Yeah, I'm not doing this only because I want to get Sasuke. Doing this only because of him would be too stupid, and I'm not Sakura – I mean, stupid (though those words kind of get along too well, don't you think?). I'm doing this, this telling-Sasuke-Sakura's-dirtiest-secret shit, because it's a payback to Sakura. She didn't do something like this to me, but she did do something that hurt me a lot.

I don't think she'll remember it, unless I refresh her memory. Sakura is not good with memories (she used to forget my parents' names all the time). So, when she comes up to me and asks me why I did what I did, I'll tell her, "Simply because you, Sakura Haruno, almost ended our friendship because of Sasuke when we were kids, and I'm doing the same thing now. It's kind of like a payback."

Then she'll be like, "What? What? I don't understand, 'cause, I'm stupid! Please be more especific, oh, awesome and beatiful Ino!"

And I'll reply, "Okay. Remember the ribbon I gave you when we first met? Yeah, the red one. Well, remember you threw it on my face when you found out I liked Sasuke too? Yeah, it was the same day we had that cat-fight. You almost ended our friendship and you let me sooooo down, Sakura. I would've never expected that from you. But you did it; you let me know what a shallow moron you were. You did all of that just because of a stupid boy. And I'm doing the exact same thing!"

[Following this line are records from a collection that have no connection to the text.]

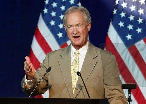 FILE - In this Aug. 28, 2015 file photo, Democratic presidential candidate, former Rhode Island Gov. Lincoln Chafee speaks in Minneapolis. The Republican presidential contest has been aflutter for months, with all that preening and cackling from an overcrowded colony of rivals. Now it’s time for the Democrats to spread their wings before a big national audience, with their first debate, Tuesday night. (AP Photo/Jim Mone, File) The Associated Press
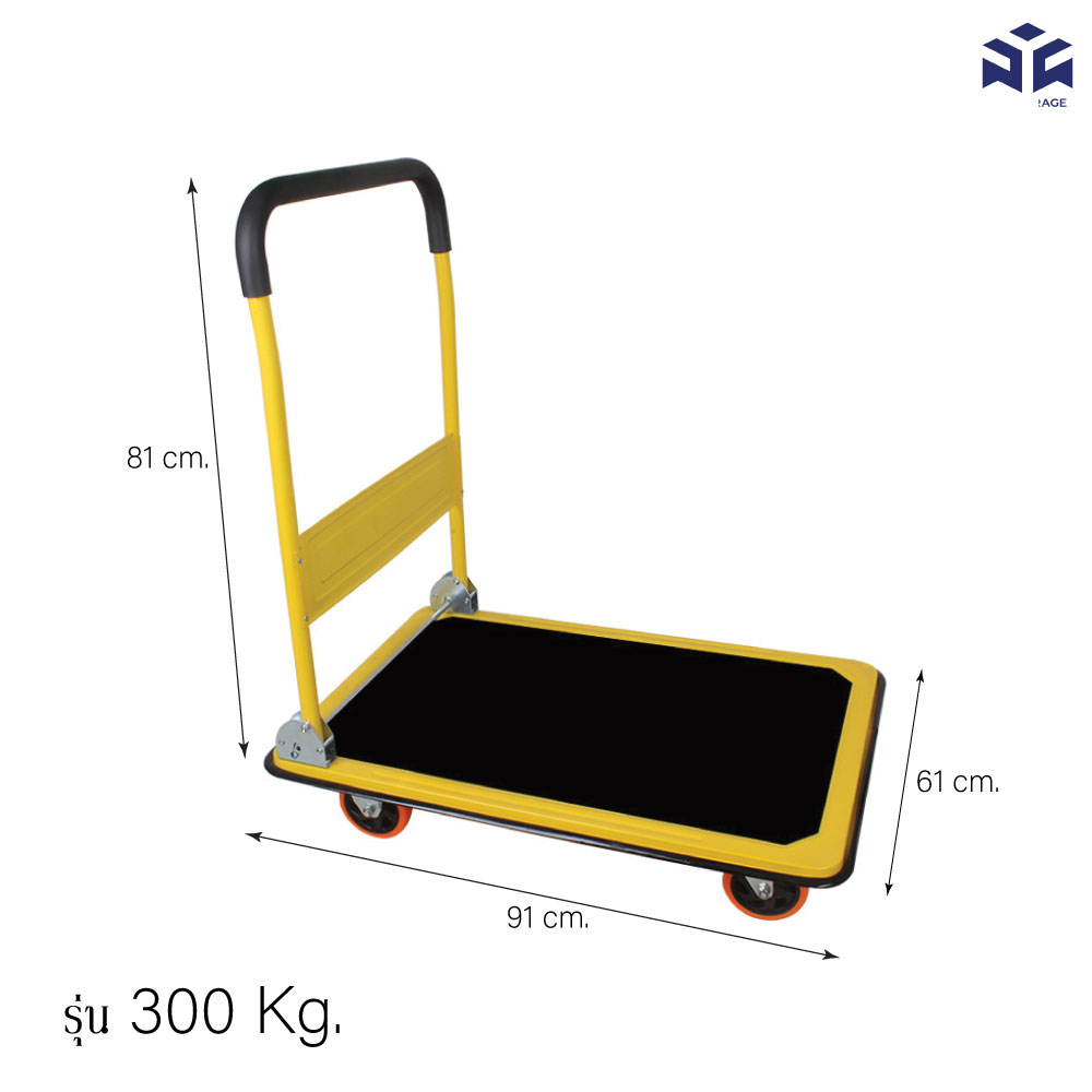 รับน้ำหนักได้ 300กก. พื้นรถเข็นเป็นเหล็กแข็งแรงและมียางกันลื่น
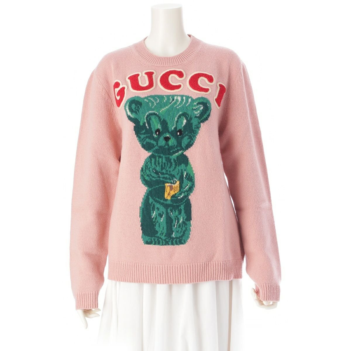 グッチ ウール ロゴ ベア クマ 長袖 ニット セーター トップス 523013 ピンク S
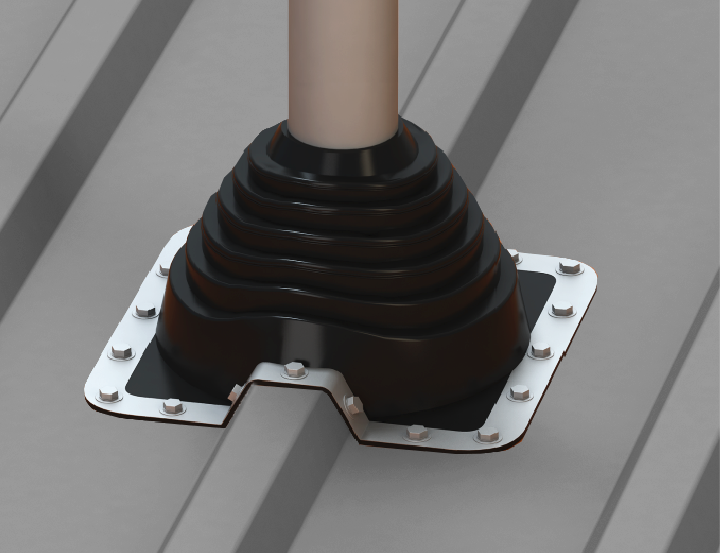 Сфера застосування: ущільнювачі покрівельних виходів застосовуються на покрівлі з металочерепиці та профнастилу для герметизації виходів труб димарів, камінів, систем вентиляції, електровиходів, антен, щогл тощо.
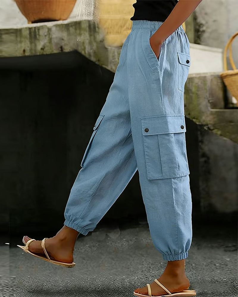 Hosen lässig Kordelzug Taschen Cargo
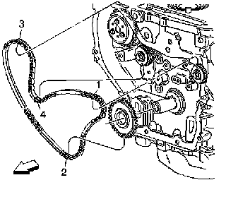 5. Place the chain (3) on the water pump drive sprocket (alignment is not critical).
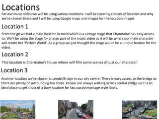 Locations For our musicvideo we will be using various locations. I will be covering choices of location and why we’ve chosen these and I will be using Google maps and images for the location images. Location 1 From the go we had a main location in mind which is a vintage stage that Charmaine has easy access to. We’ll be using the stage for a large part of the music video as it will be where our main character will create her ‘Perfect World’. As a group we just thought the stage would be a unique feature for the video. Location 2 This location is Charmaine’s house where will film some scenes of just our character. Location 3 Another location we’ve chosen is Lendal Bridge in our city centre. There is easy access to the bridge as there are plenty of surrounding bus stops. People are always walking across Lendal Bridge so it is an ideal place to get shots of a busy location for fast paced montage style shots.

Her eyes will widen and then she'll burst out crying and I'll laugh evilly right in front of her, feeling on the top of the world, and then I'll be able to rest in peace when I die.

So, actually, I wouldn't like someone doing to me what I'm doing to her now without a good reason. And I do have a very good reason, don't I?

I put the diary into my purse and sit on the bed, doing my best at looking all innocent and best-friend-waiting-patiently-for-her-friend like, and when Sakura enters the room, five minutes later, I greet her with a big smile of satisfaction.

This is just about to start, bitch.


"Look up all your doors. Revenge never looked so good before...

I didn't think you could pull a stunt like that.

I didn't think you would pull a stunt like that."